[RECORDS FOR THIS EXERCISE]
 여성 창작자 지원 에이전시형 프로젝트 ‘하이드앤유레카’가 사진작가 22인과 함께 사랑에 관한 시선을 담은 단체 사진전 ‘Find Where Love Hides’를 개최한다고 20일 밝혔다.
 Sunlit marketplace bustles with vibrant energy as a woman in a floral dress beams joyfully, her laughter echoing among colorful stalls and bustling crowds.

...

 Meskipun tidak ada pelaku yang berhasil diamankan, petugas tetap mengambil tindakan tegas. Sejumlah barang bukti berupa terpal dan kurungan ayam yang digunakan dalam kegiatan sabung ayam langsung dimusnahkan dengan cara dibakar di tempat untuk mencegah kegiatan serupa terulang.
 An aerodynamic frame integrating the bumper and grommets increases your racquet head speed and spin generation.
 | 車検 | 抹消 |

* * *

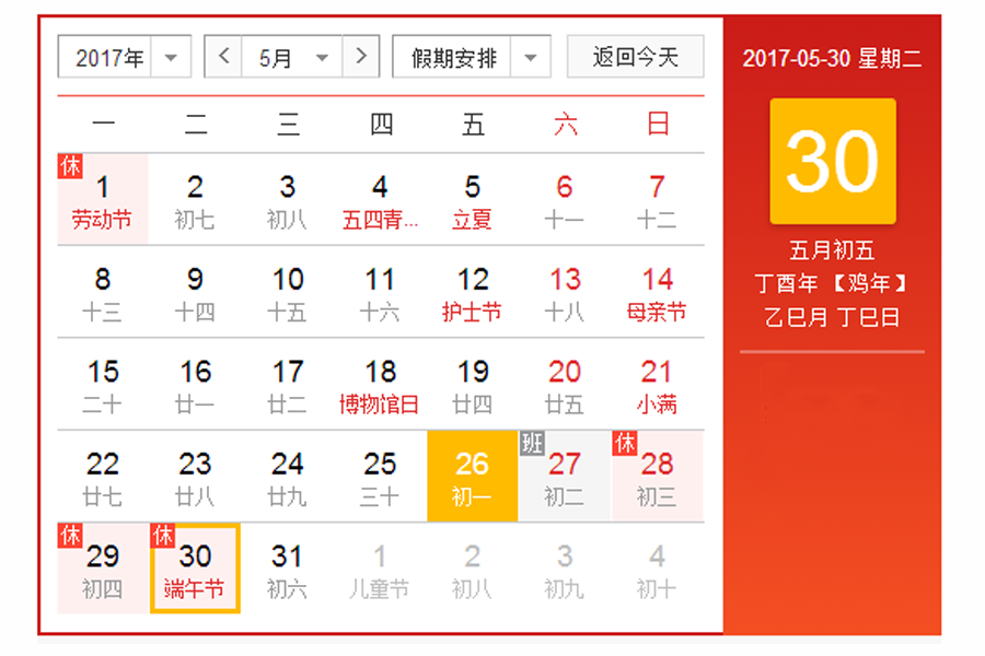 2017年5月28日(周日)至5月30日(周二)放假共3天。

[DESCRIPTION OF THE TASK]
Copy, exactly and only, the lines above that begin with the one containing "여성 창작자 지원 에이전시형" and finish with the one containing "Sunlit marketplace bustles".

[OUTPUT FOR THIS EXERCISE]
 여성 창작자 지원 에이전시형 프로젝트 ‘하이드앤유레카’가 사진작가 22인과 함께 사랑에 관한 시선을 담은 단체 사진전 ‘Find Where Love Hides’를 개최한다고 20일 밝혔다.
 Sunlit marketplace bustles with vibrant energy as a woman in a floral dress beams joyfully, her laughter echoing among colorful stalls and bustling crowds.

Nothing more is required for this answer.